The results obtained are exciting not only because the tested metal complexes express more pronounced cytotoxic activity in cancer HeLa cells than the commercially available antitumor drugs and are less toxic for non-tumor Lep-3 cells. Salinomicyn has been recognized as an antitumor stem cell agent, which has greatly attracted the interest of the scientific community and medical oncologists. The reason is that cancer stem cells, which represent a small part of the tumor population, play an important role in tumor initiation and progression, including metastasis. Moreover, cancer stem cells are characterized by high resistance to radiation and chemotherapy, thus making it difficult for the therapy to succeed [63]. Further studies are needed to determine the potential antitumor activity of the metal complexes we tested, their mechanism of action, and their ability to attach cancer stem cells as well as the best route of administration.

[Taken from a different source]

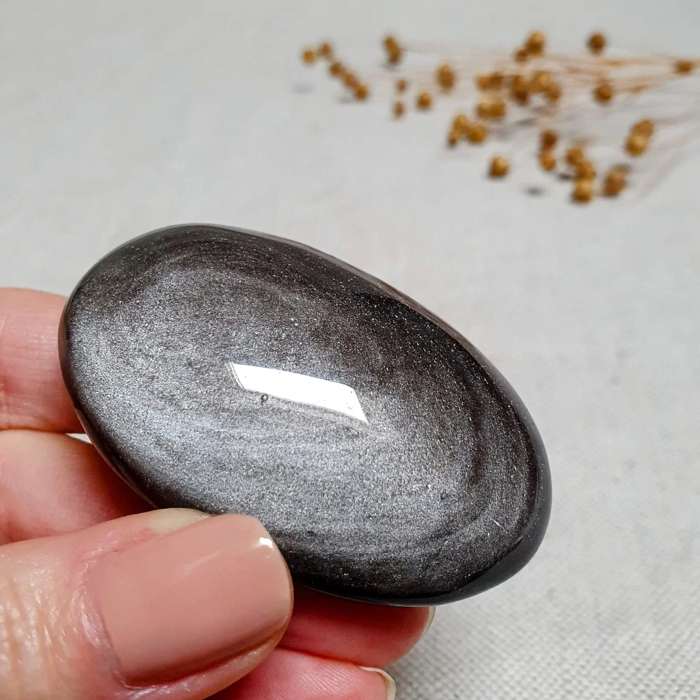 - Leštěná hmatka ze stříbrného obsidiánu může být také vaším kontaktním kamenem, který vám bude předávat svou silnou ochrannou a očistnou energii, kdykoli ho budete držet ve své dlani...♡

To further investigate the properties of MonH × H₂O, SalH and 2a–b, we performed follow-up studies on cytopathological changes of HeLa cells induced by the tested compounds after 72 h treatment (Figure 9). The test was completed using double staining with acridine orange (AO) and propidium iodide (PI). The untreated HeLa (control) appears as a dense monolayer, and the intact cells possess bright green nuclear and weak cytoplasmic fluorescence (Figure 9a). The treatment of the uterine cervix with target compounds (applied in 0.5 µg/mL: MonH × H₂O, SalH, 2a–b, and 1 µg/mL: Mon × H₂O) results in a highly reduced monolayer compared to the control, bright green nuclear fluorescence, swollen cells, vacuolization, and chromatin condensation (Figure 9b,c,e,g,h). Besides the abovementioned effects, the additional increase of ionophore concentration (5 µg/mL Mon × H₂O; 1 µg/mL SalH) leads also to the detection of a number of apoptotic cells (Figure 9d,f).

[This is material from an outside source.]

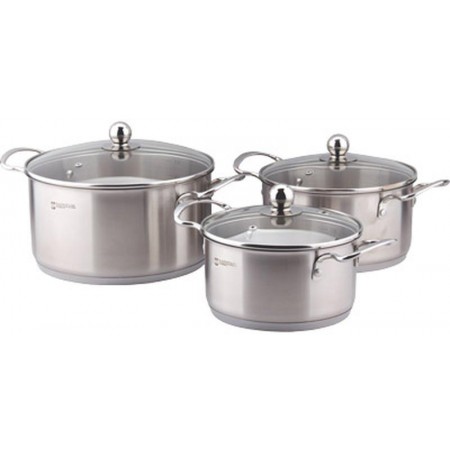 Набор кастрюль Rainstahl RS-1064 Количество предметов: 6 Материал: нерж. сталь Материал крышки: стекло Тип нагрева: универсальный

The double staining with AO and PI corroborates the MTT assay, thus proving the cytotoxic activity of the tested compounds and their ability to stimulate apoptosis. The detailed elucidation of the mechanism of cell death induced by metal complexes needs further in-depth research. However, the obtained preliminary data in this regard are important, because for reaching an effective antitumor therapy, it is necessary to aim and to achieve apoptosis–the cell’s natural mechanism for death [64,65].

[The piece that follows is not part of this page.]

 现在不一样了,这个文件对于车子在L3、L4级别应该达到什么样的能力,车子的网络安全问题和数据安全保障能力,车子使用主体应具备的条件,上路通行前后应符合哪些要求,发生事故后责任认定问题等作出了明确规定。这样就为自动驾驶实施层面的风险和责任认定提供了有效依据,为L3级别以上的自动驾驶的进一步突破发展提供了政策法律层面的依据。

The ability of MonH × H₂O, SalH and 2a–b to suppress the 3D colony-formation of HeLa cells is expressed as the effective colony inhibitory concentration (CIC, μM)–the lowest concentration at which the compounds completely inhibit the tumor cell growth. The experimental data rank the tested samples in order of their decreasing toxicity as follows: 2b (4.85 µM) > 2a (5.26 µM) > MonH × H₂O (7.25 µM) > SalH (13.31 µM).

The rapid removal of cancer cells from the body (through surgery or a “killing” therapeutic strategy) is extremely important because it minimizes the possibility of cancer cell spread, disease progression, and selection of therapy-resistant tumor cell clones. In laboratory conditions, the information obtained about the rapid antitumor effect of the tested potential antineoplastic agents comes from conducting short-term experiments (24–72 h). The purpose of the long-term experiments we carried out was to verify and confirm the cytotoxic efficiency of the target metal complexes and the irreversibility of their effect over time. In addition, the use of 3D cell cultures provides more adequate information about the influence of substances on the biological behavior of cancer cells, and to a higher degree, predicts the results of their application in vivo [66,67]. The data from short-term experiments with monolayer 2D-cultures and the long-term tests with 3D cell colonies were found to be positively correlated which illustrates the potential of cytotoxic/antitumor properties of the complexes studied.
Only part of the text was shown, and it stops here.